The five unequal signs

In addition to the equal sign, there are five unequal signs which stand for the different ways two quantities may be unequal. The five signs are

less than \(\quad\) \( < \)
less than or equal to \(\quad\) \(\le\)
greater than \(\quad\) \( > \)
greater than or equal to \(\quad\) \(\ge\)
not equal to \(\quad\) \(\ne\)

An inequality is a statement that two quantities are unequal in one of the five ways listed above. A solution of an inequality is a description of the set of all values of the variable for which the inequality is true.

A rational inequality is in inequality in which the two expressions are rational expressions. That is, polynomials or ratios of polynomials.

Example 2.7.a

Solve the inequality \(2 x + 3 > 9\).

As in an equation, we may subtract three from both sides is the inequality to get \(2 x > 6\)

Then we may divide by 2 to get \(x > 3\).

The solution is the set of all numbers larger than \(3\), or the interval \((3, \infty )\).

Multiplying an inequality by a negative number

Although the steps in solving the inequality in Example 2.7.a are the same steps one would take in solving \(2 x + 3 = 9\), there is one important difference when one is solving inequalities:

Multiplication or division of both sides of an inequality by a negative number reverses the direction of the inequality

To see why this must be so, consider the next example.

Example 2.7.b

Solve \(-x\ge 5\).

First, we are going to solve it without multiplying.

Add \(x\) to both sides: \(\quad\) \(0\ge x+5\)
Subtract \(5\) from both sides: \(\quad\) \(-5\ge x\)
Re-orient\(^*\) the inequality: \(\quad\) \(x\le -5\)

So the solution set is the unbounded interval \((-\infty,-5)\).

\(^*\) To re-orient an inequality, one re-writes the inequality in the equivalent but opposite sense. The inequalities \(A > B\) and \(B < A\) are equivalent but of opposite sense.

Notice that the final result \(x\ge-5\) could have been obtained from the original inequality \(-x\le5\) in one step instead of three by the simple process of multiplying both sides by \(-1\) and reversing the direction of the inequality.

Example 2.7.c

Solve the inequality: \(1 - x < 5\)

Subtract 1 from each side to get: \(- x < 4\)

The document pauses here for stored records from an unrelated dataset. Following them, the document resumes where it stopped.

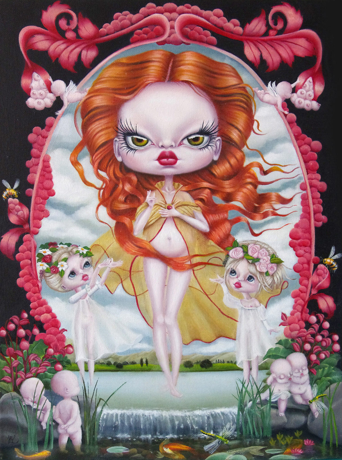 Marie Larkin is an Australian Pop Surrealist. Her art embodies an undeniably feminine oeuvre, meticulous execution and attention to detail. Works in painting, drawing and sculpture have been inspired by fairytale and nursery rhyme narratives, pop culture, beauty and the feminine persona.. She creates richly coloured, finely detailed, alternate worlds inhabited by beautiful girls, strange and mesmerising, with expressive eyes and dark natures. Most recently, female characters have an undeniable feminine force, strong, empowered and aloof. Her bodies of work continue to mature, gaining greater sophistication of style and consistency throughout.. Paintings and drawings retain her signature women who embue the works with narrative and emotional content.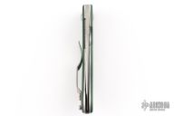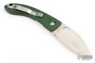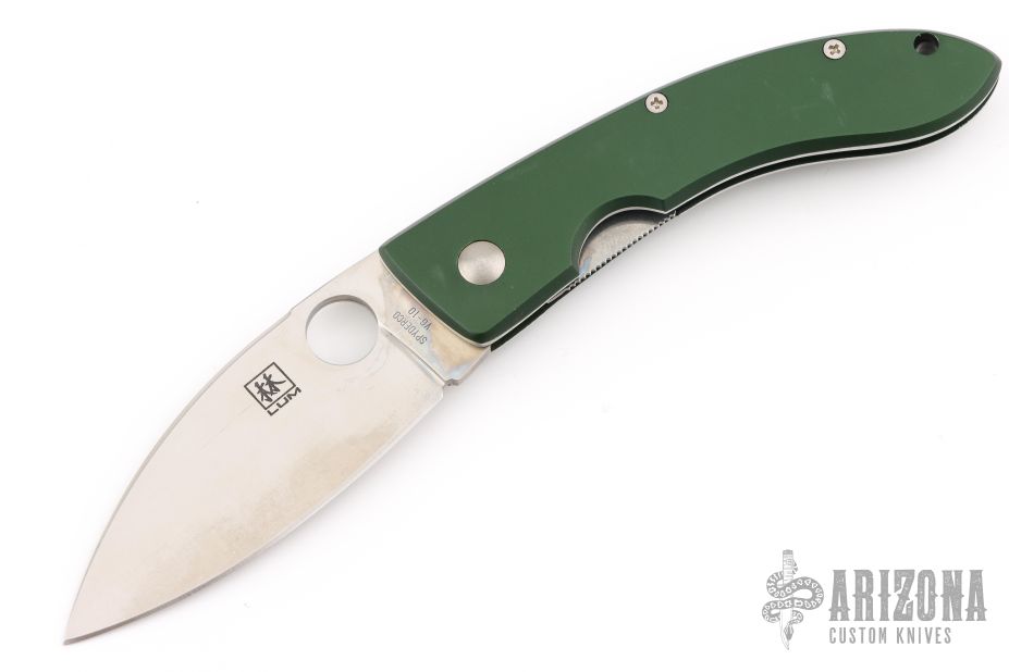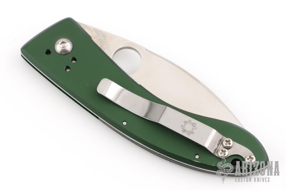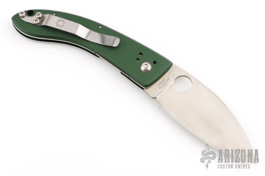 This Bob Lum Chinese folder by Spyderco, has a satin plain edge blade and green aluminum handle with a tip up or down reversible stainless steel clip. Titanium liners, and black backstrap with lanyard hole in pommel. Has some light scuffs, excellent condition otherwise.
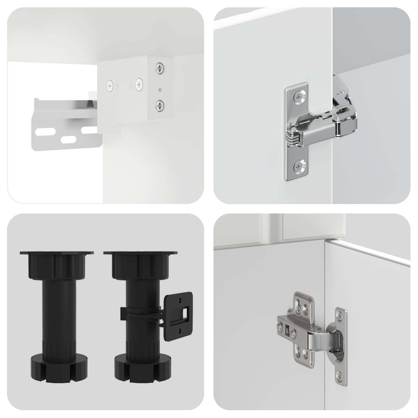 - Suport cu picioare tip post: Dulapul stă pe picioare robuste care îi dau stabilitate. Aceste picioare sunt simple dar puternice, asigurând că dulapul rămâne stabil în orice condiții.
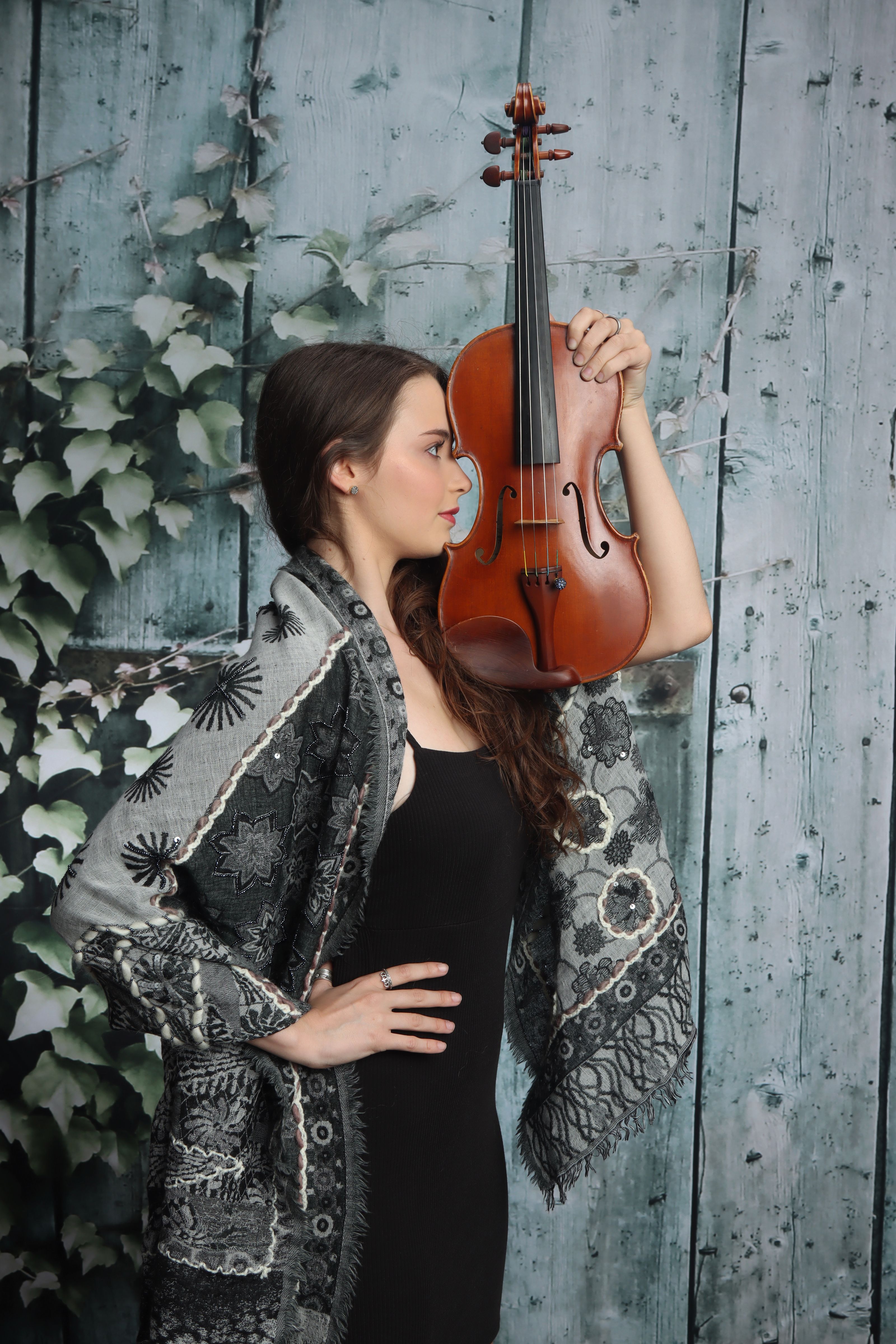 Painting of a woman in profile holding a violin against a weathered wooden door.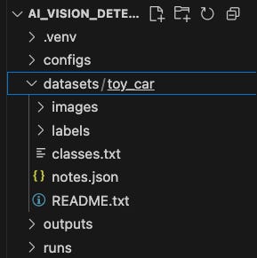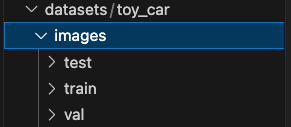 images နှင့် labels တွေအောက်မှာ train ၊ val နှင့် test ၃ခု ပေါ်လာပြီးတော့ toy_car ထဲကဖိုင်တွေကို ၃ နေရာခွဲထည့်လိုက်တာဖြစ်တယ်။ ပြီးရင် Dataset Folder Structure ကို Verify လုပ်ကြည့်မယ်။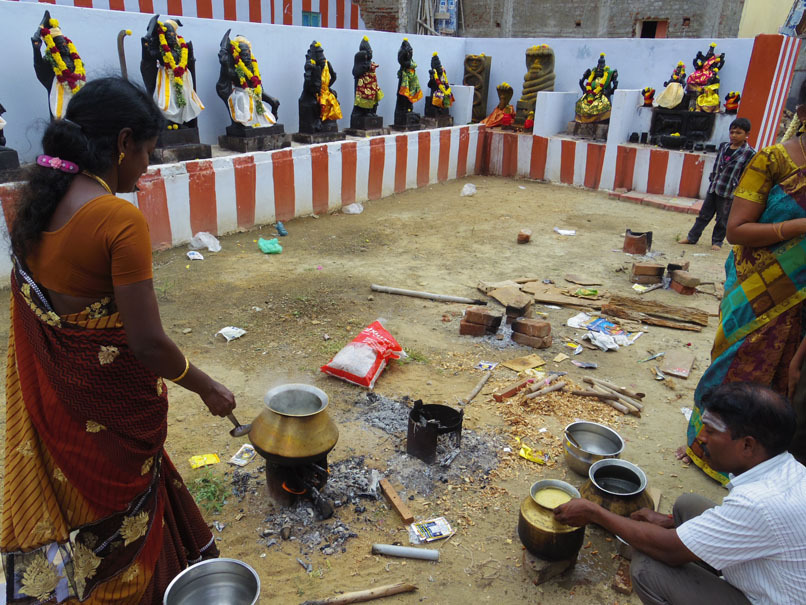 が、このすぐ近くでコーラムの上にかまどがあり、その上につぼ形のナベを乗せてポンガル作っていた!

Then multiply both sides by \(- 1\), remembering to reverse the direction of the inequality: \(x > - 4\)

So the solution is \(( - 4, \infty) \).

Exercise 2.7.1

Solve the linear inequality: \(3 x - 7 > 5\).

See Solution

Solving inequalities by factoring

We are going to look at a general method of solving an inequality in which one side of the inequality is zero.

Requiring that one side of the inequality equal zero is not a difficult requirement, since we can always achieve that state in one step by subtracting the expression on one side of the inequality from both sides of the inequality.

Let us reconsider the first inequality we looked at above: \(2 x + 3 > 9\)

Subtract 9 from each side to get: \(2 x - 6 > 0\)

Now factor the left side: \(2 ( x - 3 ) > 0\)

Now sketch the graph of \(y = 2 ( x - 3 )\). It crosses the \(x\)-axis at \(3\) since \(3\) is a transitive \(x\)-intercept. The rightmost part of the graph is above the \(x\)-axis since the leading coefficient, \(2\), is positive. So the graph lies above the \(x\)-axis to the right of \(3\) and the graph lies below the \(x\)-axis to the left of \(3\). Thus, we can see that \(y > 0\) when \(x > 3\).

Thus the solution of the inequality is \(( 3, \infty) \).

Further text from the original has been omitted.